Becoming a more experienced Forex trader involves a lot of trial and error. Mistakes will be made and lessons will be learned. Below are a few of the areas in which new traders commonly make mistakes. Avoiding mistakes is not a cut and dry process, but increasing your awareness of the potential trouble spots is a big step in the right direction.
If you’ve ever placed a real trade or have faced a big decision in life, it should come as no surprise that emotion plays a big part in determining what to do—including when to buy or sell. While it is nearly impossible to remove emotion entirely from trading decisions, a lot can be done to control it. Controlling emotion allows for a clearer picture of the task at hand. It will also allow for a more thorough analysis of the trade from all sides and may help provide the discipline necessary to stick with your trading plan.
An easy way to help control emotion is to get in the habit of thoroughly planning an entire trade—its entry and its exit—BEFORE placing it. Going with a gut feeling is very easy to do, but often leads to a different type of feeling: pain. Knowing exactly what the plan is beforehand allows a trader to place trades with conviction, to be firm with an exit strategy, and to stay consistent with their risk tolerance.

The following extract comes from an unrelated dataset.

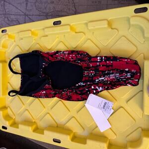 NWT Adidas Infinitex Amoeba Blocks Vortex Back Swimsuit One Piece Womens Size 24

A simple way to prepare for a trade ahead of time is to keep a trader’s journal, which can be as basic as a notebook kept near the computer where trades are planned out. A journal entry would contain the entry price, exit prices (both limits and stop losses), and a reason for making the trade. After the trade has been recorded in the journal, then it is placed for real. Once the trade has been executed and closed, you should record the result in the journal. This tedious record-keeping makes it easier to see what has worked and what has not, so that going forward you can attempt to mimic the successful trades and avoid the unsuccessful ones.

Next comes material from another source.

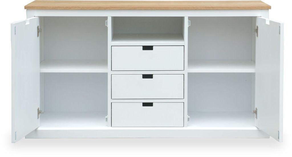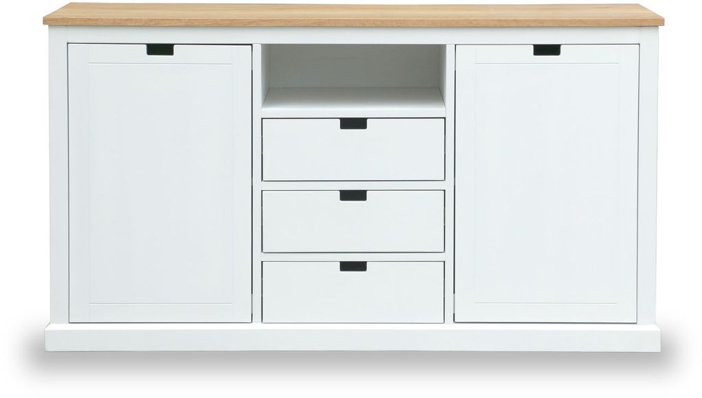 Fårö sideboard i massiv akacia och MDF, med toppskiva i oljad ekfanér. Sideboarden har 2 skåpdörrar och 3 lådor – en både stilren och praktisk möbel. Finns även i andra färger i samma serie.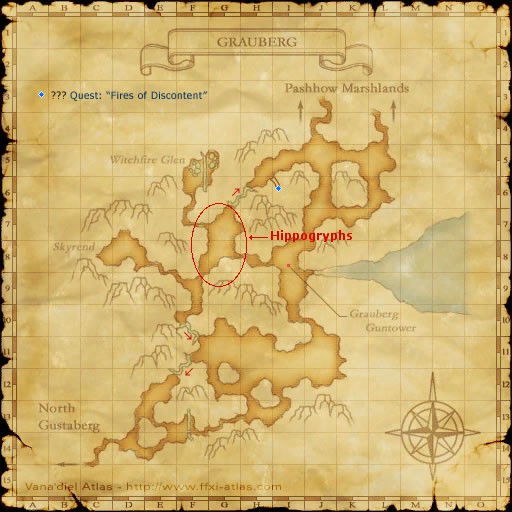 If you do not have CoP access then you can also hunt your spell from Grauberg Hippogryph in Grauberg [S]! Camp is at the G-7/G-8 area as shown on the map above. There are fifteen Grauberg Hippogryph wandering in this area. Like all Hippogryph, they are true sight and will aggro. The Hippogryph here con DC to a 75, so the level range is probably in the 71-74 range. You may need sneak and invisible to reach camp, as some Quadav and Peiste in the Zone can aggro by sound and sight to level 75 players. Due to the level of the monsters, you'll want to be in your 70's when fighting here. A 75 BLU/NIN can solo here with only minor risk. A Tank/BLU Duo, or small party works best. Like all Hippogryph, these are quite soft and not hard to kill. Prepare as described in Camp #1 or #2 and you'll have no issues.

Another common mistake new traders make is trading without a true understanding of margin and leverage. By reading this book, you have already taken the first step to avoiding this mistake. It is of upmost importance to know what the margin requirement is for each new position opened. Always be sure to provide ample cushion for open positions by having sufficient available margin at all times.
Trading with no more than 10% of your account balance is a good start in providing such a cushion. Many new uneducated traders will often use upwards of 90% of their available margin on one position. These traders are often doomed for failure, as even the smallest move against will cause the account to fall below the margin requirement and cause a dealer liquidation. The Forex market is in a constant ebb and flow. Leaving sufficient available margin allows you to weather the small showers while waiting for the sunny days.

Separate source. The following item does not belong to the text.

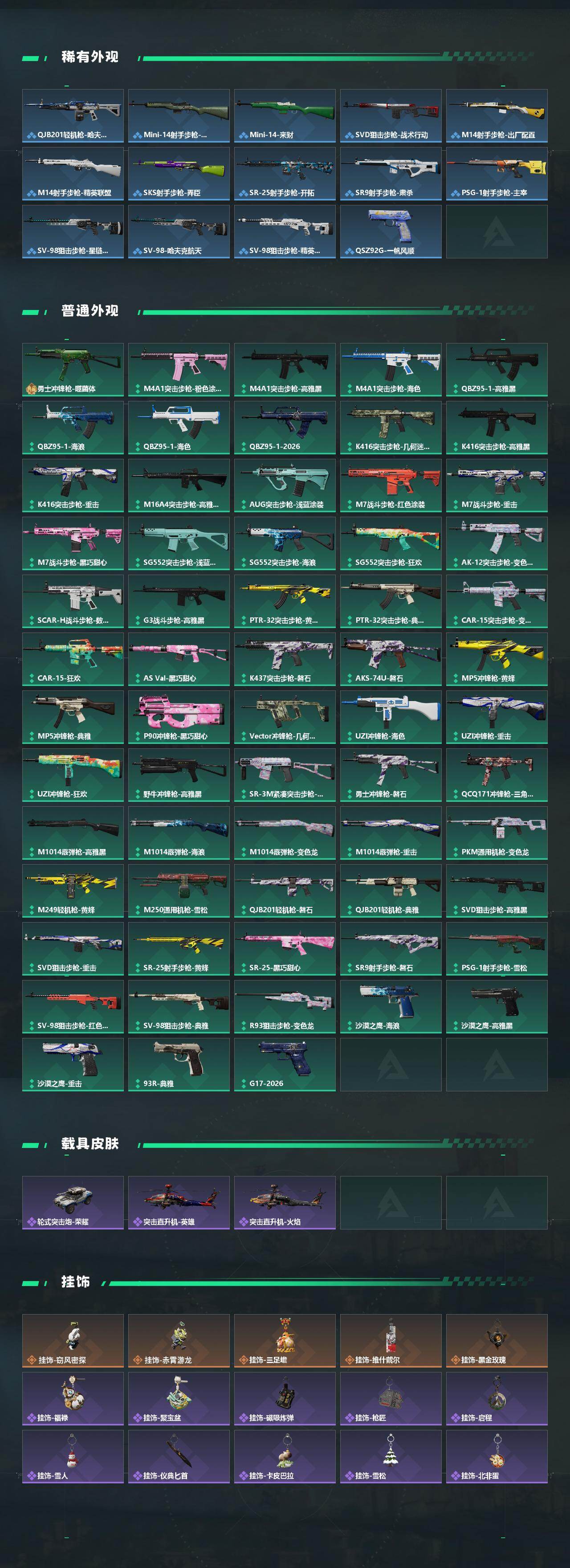 【传说外观】:K416突击步枪-行动记录,SG552突击步枪-运动员,SG552突击步枪-点翠,SCAR-H战斗步枪-启航,SCAR-H战斗步枪-荼蘼,腾龙突击步枪-万金泪冠,KC17突击步枪-点翠,SR-3M紧凑突击步枪-荼蘼,勇士

It’s not necessary to go for the gusto on every trade. When planning trades, think about reward to risk ratios. Reward to risk ratios represent the ratio of the number of pips a trader is looking to profit versus the number of pips they are risking. Ideally, the ratio should be greater than 1. For example, a trader who sets a limit order 100 pips from entry and a stop loss 50 pips from entry is employing a 2 to 1 reward to risk ratio (100/50). This is an example of a good reward to risk ratio and could represent a pretty good trade. An example of a not so good reward to risk ratio would be a trader who sets a limit order 100 pips from entry and a stop loss 500 pips from entry (1 to 5). This trader is taking on way too much risk.
Think of trading as a business and treat it as one. A CEO who pays £100,000 for a chance to make £10,000 will probably be chastised. On the other hand, however, a CEO who earmarks £10,000 for a chance to make £100,000 will probably be commended. This is a good mentality to keep in mind when trading. After all, in business and in trading the goal is the same: to make money.
After finalising your strategy and doing your research and analysis, start trading slowly. There is no shame in trading a single mini lot. Setting tight stops and looking to take small profits will allow you to progress at a slow pace and learn through both your winning trades and the losing ones.
The Forex market is a market unlike any other. It’s sheer size and global reach provides opportunities for traders around the clock and brings world news, economics, and socio-political events right into the trading room. Forex traders see the world differently. A Forex trader will wait for a weak Yen before booking that trip to Tokyo. They will wait for a weak Pound before buying a Saville Row bespoke suit. Welcome to the world of Forex trading, and good luck.